Lalo returns to Albuquerque and stakes out the laundry, intending to get video footage of the meth lab for Eladio. Lalo prepares to call Hector, but hangs up after realizing Gus has probably tapped the line. He tricks Gus by calling Hector and pretending he plans to attack Gus at his home. Mike plays a recording of the call for Gus, then diverts men to Gus' home, leaving other potential targets unguarded. Lalo then instead arrives at Jimmy and Kim's apartment, where Howard Hamlin is confronting them about their plan to ruin his reputation. Kim implores Howard to leave but Lalo simply shoots Howard dead.

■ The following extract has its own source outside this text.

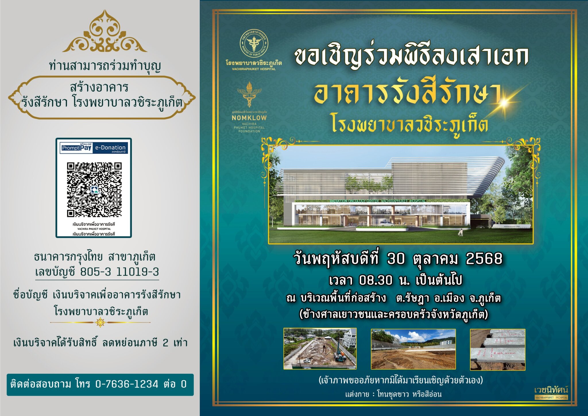 14 ตุลาคม 2568 คุณเมตตา รัตนประทุมมาลย์ บริจาคเงินจำนวน 100,000 บาท เนื่องในโอกาสวันคล้ายวันเกิด เพื่อสมทบทุนสร้างศูนย์มะเร็งแห่งแรกของจังหวัดภูเก็ต “ศูนย์รังสีรักษาครบวงจร โรงพยาบาลวชิระภูเก็ต “ Gallery 14 ตุลาคม 2568 คุณเมตตา รัตนประทุมมาลย์ บริจาคเงินจำนวน 100,000 บาท เนื่องในโอกาสวันคล้ายวันเกิด เพื่อสมทบทุนสร้างศูนย์มะเร็งแห่งแรกของจังหวัดภูเก็ต “ศูนย์รังสีรักษาครบวงจร โรงพยาบาลวชิระภูเก็ต “ ข่าวบริจาค 14 ตุลาคม 2568 คุณเมตตา รัตนประทุมมาลย์ บริจาคเงินจำนวน 100,000 บาท เนื่องในโอกาสวันคล้ายวันเกิด เพื่อสมทบทุนสร้างศูนย์มะเร็งแห่งแรกของจังหวัดภูเก็ต “ศูนย์รังสีรักษาครบวงจร โรงพยาบาลวชิระภูเก็ต “ รุ้งนภา นันทะรักษ์2025-10-14T11:51:37+07:0014 ตุลาคม 2025|Categories: ข่าวบริจาค|Tags: ข่าวรังสีรักษา, รังสีรักษา|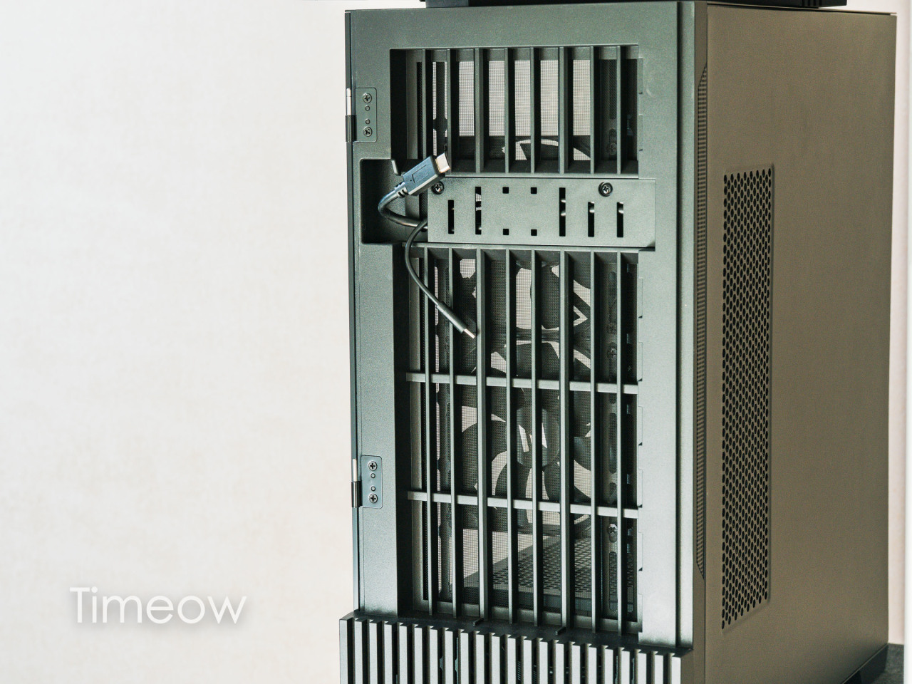 同時,我們也能注意到,顯卡槽位貌似是豎着的:

Lalo gives Jimmy an address and general description of Gus, and tells him to go there and shoot the person described. Jimmy persuades Lalo to send Kim instead. After Kim leaves, Lalo ties up Jimmy and tells him about Nacho's betrayal and the attack on his compound; Jimmy denies involvement and blames Nacho. Lalo leaves for the laundry after promising to interrogate Jimmy upon his return. Kim is apprehended at Gus' door and Gus realizes sending Kim to his house was a diversion, so he goes to the laundry. Lalo kills Gus' guards then forces Gus to show him the unfinished lab while he videotapes it. Lalo prepares to kill Gus, but Gus cuts power to the lights and shoots towards Lalo with a gun he had earlier hidden in the lab. Lalo, having been shot in the throat, dies by choking on his own blood, though also laughing. Mike buries Lalo and Howard's corpses beneath the floor of the lab, then tells Jimmy and Kim they will not see Lalo again. Gus is called to Eladio's home, where Bolsa reads Hector's statement claiming Lalo survived the shootout at his house, that Gus sent the gunmen, and has since killed Lalo for real. With no proof of Lalo's initial survival, Eladio dismisses Hector's accusations.

=== Breaking Bad ===
==== Season 2 ====
In 2008, when Walter White and Jesse Pinkman kidnap Saul to coerce him into representing Badger, who has been arrested for selling meth, a terrified Saul believes Lalo sent them and says, "It wasn't me! It was Ignacio!". Saul is relieved when Walter and Jesse's confusion confirms they have no connection to Lalo. When Jesse asks who Lalo is, Saul dismisses him as "nobody" without explaining any further.

=== Post-Breaking Bad ===
While Saul eventually learns through Gus, by way of Jesse, that the entire Salamanca family has died, even by 2010, he is still not entirely convinced of Lalo's demise, calling him "apparently" dead during a phone call with Kim. With Mike and Gus also dead, Kim confesses the true nature of Howard's death to prosecutors and to Howard's widow, Cheryl. She names Lalo as Howard's killer in her affidavit, but admits to Cheryl that although Cheryl has grounds for a wrongful death lawsuit, Kim will likely not face criminal prosecution as most of the witnesses are dead and the location of Lalo's and Howard's bodies remains unknown.

== Reception ==
The character Lalo Salamanca and Tony Dalton's performance have received critical acclaim; some critics deemed Lalo one of the best villains on television. Reviewing the episode that introduces Lalo, Alan Sepinwall of Rolling Stone said Dalton "makes a solid first impression in the role" and that he hoped for "more than filling in a blank most viewers had long since forgotten existed". Sepinwall called the final scene in "Bad Choice Road", in which Lalo confronts Jimmy and Kim, one of the best in the series. He praised the lead actors' performances, particularly those of Rhea Seehorn as Kim and Dalton as Lalo. Steve Greene of IndieWire, after comparing Lalo to the character Anton Chigurh in the film No Country for Old Men, noted Lalo has "the unpredictability of his impulsive, petulant [cousin] combined with the faux geniality of his chicken CEO rival" and praised Dalton's performance, who he says "makes that poisonous, affected smile work, especially when it's coupled with Lalo's blatant disregard for bodily harm". Brian Grubb of Uproxx wrote in his review of the season-five finale, "It is almost unreasonable how good a character Lalo is. To pull this off after five seasons of this show and the full run of Breaking Bad, to just up and introduce someone this charming and evil and perfect, is basically showing off".